The purpose of this study is to explore the biochemical process of controlling hydro-swelling by FeRM in low-permeability reservoirs and explain the mechanism of FeRM-driven enhanced oil recovery. Using synthetic cores containing smectite to simulate the low-permeability reservoirs, the effectiveness of FeRM on the inhibition of smectite clay minerals’ hydro-swelling was examined. In addition, core displacement tests were conducted to evaluate the EOR efficiency. Finally, the distribution and structure of core pore-throats were characterized to understand the mechanism of hydro-swelling reduction and oil recovery enhancement. This study provides a theoretical basis for the inhibition and reduction of clay minerals’ hydro-swelling by FeRM in the oil fields and offers a novel technique for enhanced oil recovery in low-permeability reservoirs.

2. Materials and Methods

2.1. Fabrication of the Synthetic Cores

To simulate the hydro-swelling effect of the rocks in low-permeability reservoirs, six comparable synthetic sandstone cores were produced by adding 7–8% smectite clay minerals. The mineral particle size was less than 0.31 mm. The chemical composition of the smectite clay minerals was (Ca0.19Na0.17K0.08)0.44(Al1.36Mg0.32Fe0.26)1.94(Si3.87Al0.13)4.0O10(OH)2.0·nH2O, with the total Fe content of 3.7% [21]. The cores were cleaned with toluene vapor by Soxhlet extraction and then washed with deionized water to remove impurities. Finally, the cores were dried at 60 °C in a vacuum drying oven. Each core had a gas permeability range of 30–40 mD. To simulate the low-permeability reservoir conditions, core samples with water permeability of 1–5 mD were selected as experimental cores. In addition, the production of synthetic core samples was commissioned by the China University of Petroleum (Beijing), and the preparation process was kept confidential. In this study, we only purchased the synthetic core samples and then measured the gas permeability and water permeability of the core samples by using the nitrogen and waterflooding fluid as measuring media according to the industry standard SY/T5336-2006 “Core Analysis Method”, respectively [22]. The properties of the six cores are shown in Table 1.

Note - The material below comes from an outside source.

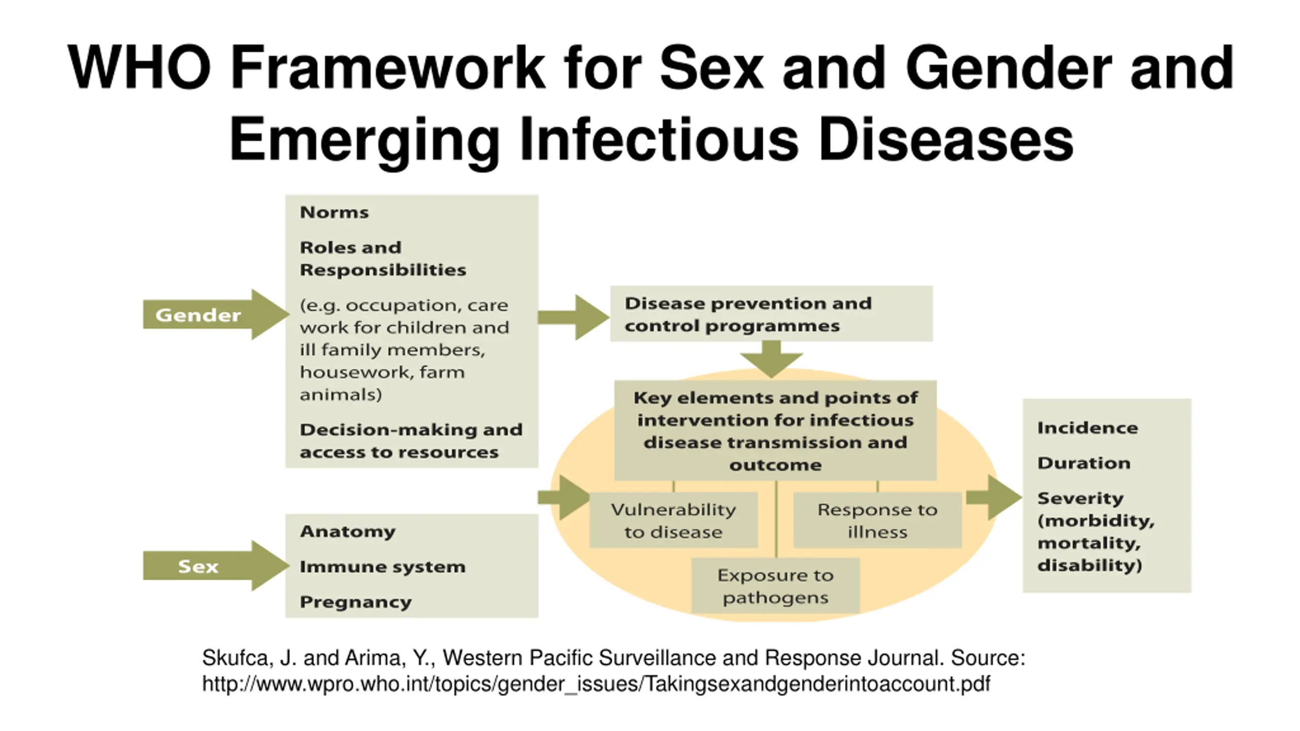 WHO Framework for Sex and Gender and Emerging Infectious Diseases Skufca, J. and Arima, Y., Western Pacific Surveillance and Response Journal. Source: http://www.wpro.who.int/topics/gender_issues/Takingsexandgenderintoaccount.pdf

2.2. Preparation of the Flooding Fluids

Waterflooding fluid: The produced water was collected from a production well in Changqing oilfield (Xi’an, China). The characteristics of the produced water and the ionic composition of the injection fluid are summarized in Tables S1 and S2. The produced water was sterilized to remove microorganisms and then used as the waterflooding fluid.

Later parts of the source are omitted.